To było prawdziwe wejście smoka do Ekstrakasy. Said Hamulić latem trafił do Stali Mielec z litewskiej Suduvy i błyskawicznie udowodnił, że ten transfer to strzał w dziesiątkę.
Urodzony w Holandii Bośniak zagrał 17 meczów w Ekstraklasie, w których strzelił 9 goli i zaliczył 4 asysty. To po rundzie jesiennej daje mu pozycję najlepszego strzelca ligi, ex equo z Hiszpanem Davo z Wisły Płock.
Świetne występy 22-letniego napastnika sprawiły, że zainteresowanie jego usługami było coraz większe.

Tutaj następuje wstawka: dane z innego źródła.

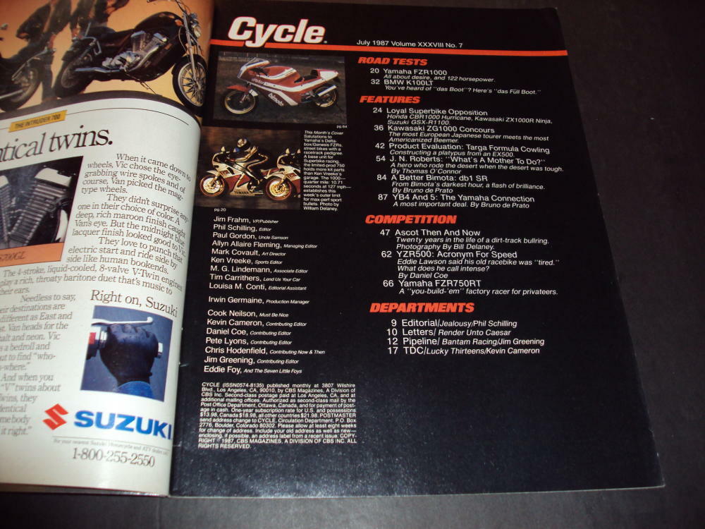 JJJ Collectibles Long-Lost Treasures from Swan's Magazine Mart (1930-2007) Magazines Music Memorabilia Comics Sign up for Newsletter One of the Long-Lost Treasures from Swan's Magazine Mart Vintage Issue Of Cycle Magazine July 1987 Average Condition: Exterior shows light to moderate wear, interior is very clean. All magazines come boarded and bagged Welcome to our selection of comic books, vintage magazines, music memorabilia, posters, records, toys, books, pulps and more. We have a total inventory of 5-10 million items. We have thousands of positive feedbacks from happy customers because we sell good products, we are honest, and we stand behind our policies. We've done our best to describe and display each item as accurately as possible, but we do welcome any questions you may have. If you like our selection, our prices, and our service, you might want to consider signing up on our store's mailing list. We will not give out your contact information to 3rd parties. Please add us to your list of favorite sellers and tell your friends. We accept PAYPAL, VISA, MASTERCARD, DISCOVER, and AMERICAN EXPRESS. Prompt payment is appreciated and required within seven days of purchase. We ship WORLDWIDE. We do combine shipping. If you are bidding on multiple auctions please let us know. Our international shipping costs are our ACTUAL costs for postage & materials. We endeavor to ship all items within 24 hours of receiving payment or by the next business day. Please email to let us know if your item does not arrive in a timely fashion. NOTE: Some International packages have to go First Class. First Class International cannot be tracked or insured. If you have questions or comments for us, please use the 'Ask seller a question' link above to contact us. If there is a problem with your purchase, for any reason, please contact us so that we can resolve it. We do have a return policy if you aren't happy. Just contact us by email or phone within three days of purchase, explain your problem, and if we can't make it right we will accept the return of the item in saleable condition. On receipt of the item, you will get your money back. This listing created with GLETech Multiple Selling Channel tools.

WP SportoweFakty już wiele tygodni temu informowały o tym, iż piłkarz trafił do notesów skautów klubów z MLS. I trzeba przyznać, że Amerykanie do końca byli w grze o Hamulicia.
Finisz rywalizacji o niego wygrali jednak Francuzi. Szymon Janczyk, dziennikarz weszlo.com, jako pierwszy podał, że prawdopodobny jest transfer do Tuluzy. I faktycznie, w ostatnich dniach negocjacje między tymi klubami były bardzo zaawansowane i według naszej wiedzy zakończyły się sukcesem! A to oznacza, że Hamulić opuszcza Ekstaklasę.
Jak słyszymy, Stal zarobi na Hamuliciu ponad 2 miliony euro (choć spora część tej sumy trafi do poprzedniego klubu Bośniaka). To rekord transferowy jeśli chodzi o klub z Mielca. A piłkarz w najbliższych dniach uda się na testy medyczne do Francji, po których podpisze kontrakt z dwunastym zespołem Ligue 1.
Piotr Koźmiński, dziennikarz WP SportoweFakty
Napoli upokorzyło Juve! Co za wynik!
Jest faworyt do objęcia kadry!
ZOBACZ WIDEO: #dziejesiewsporcie: show polskiego bramkarza. Zobacz, co zrobił na treningu
Oglądaj rozgrywki francuskiej Ligue 1 na Eleven Sports w Pilocie WP (link sponsorowany)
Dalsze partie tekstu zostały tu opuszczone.